Это, по-моему, тоже прозвучало претенциозно, однако я промолчала, а она, слава Богу, вдруг без всякого перехода заговорила о том, как познакомилась с Хиршфельдером, и тут снова начала рассеянно поглядывать по сторонам, и почему-то взяла насмешливо-отчужденный, прекрасно знакомый мне тон, принятый в женских пересудах о мужьях и приятелях.
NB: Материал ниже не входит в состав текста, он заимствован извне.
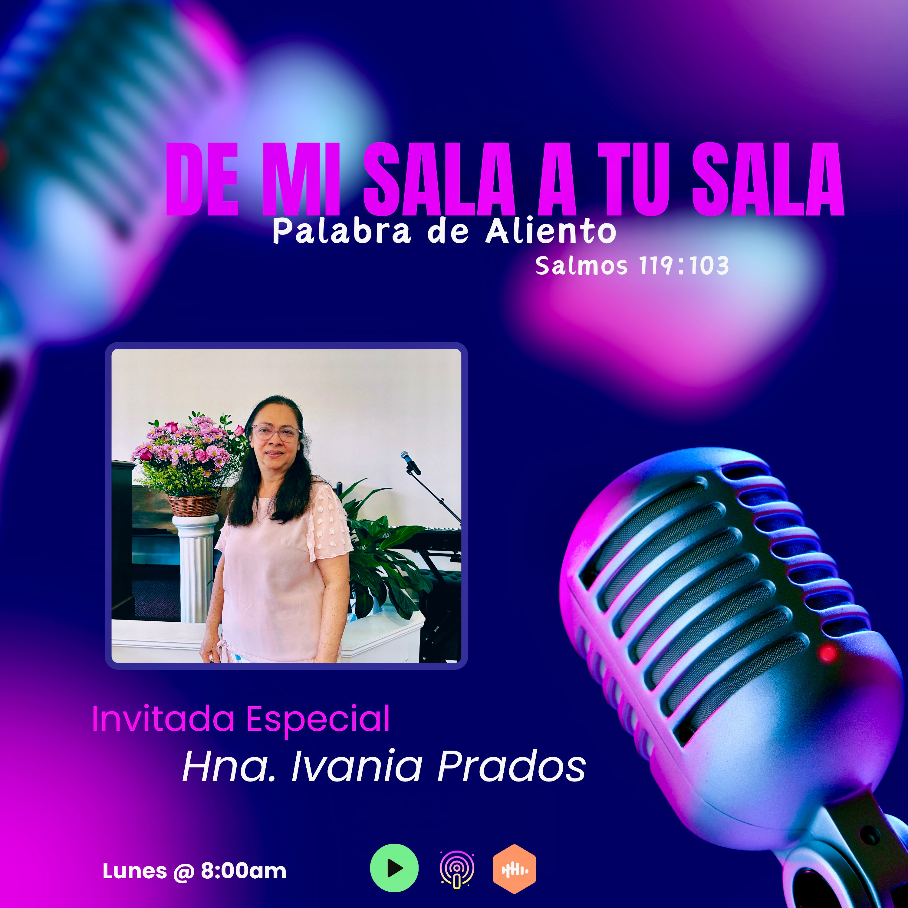 Bendiciones y Bienvenido a otro segmento De Mi Sala a Tu Sala Palabra de Aliento. En esta maƱana tenemos con nosotros a la Hermana Ivania Prados desde Maryland.
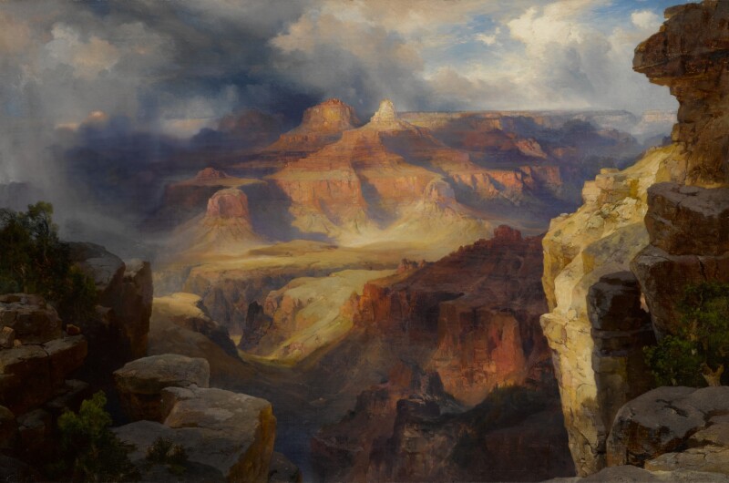 Representing Thomas Moran in this sale is Grand Canyon, Arizona. Originally born in England, Moran eventually moved with his family to America and used his paintings to advocate for the country’s National Park Service. In this painting, Moran uses passing rain clouds to experiment with varying light and colors across the canyon.

Ей, начинающей журналистке, поручили написать очерк о Хиршфельдере, это была ее первая самостоятельная серьезная работа, и она решила поехать в Саутенд чтобы встретиться с писателем; тогда, в пятидесятых годах, как раз вышел сборник его рассказов. Однако схватить какие-то характерные черты личности автора оказалось трудной задачей, она спасла положение, подробнейшим образом описав в своем очерке приморский городок и номер в «Палас-отеле». С самого начала провалились все попытки разбить биографию героя на отдельные четко очерченные этапы, всякий раз, когда молоденькая корреспондентка заводила об этом речь, он уходил от прямого ответа, посмеиваясь над тем, с какой тщательностью она делала пометки для памяти, а под конец просто забрал блокнот, сказав, что это лишнее, что ей не нужны какие-то каракули, юна, мол, и так сумеет найти верный тон, а больше ничего и не требуется. Короче говоря, она не уехала, как собиралась, после выходных, а застряла в городе на целую неделю, когда же неделя подошла к концу, она уже отказалась от мысли что-нибудь написать об этом человеке, но домой не вернулась, приняв его предложение, перебралась из пансиона, где жила, в его дом, несмотря на то что Кэтрин ушла от него совсем недавно; поселилась в мансарде, сперва только на летние месяцы, а к началу осени они жили как муж и жена, состояли в «незаконном сожительстве», по его трогательно старомодному выражению, спустя еще несколько месяцев официально оформили брак.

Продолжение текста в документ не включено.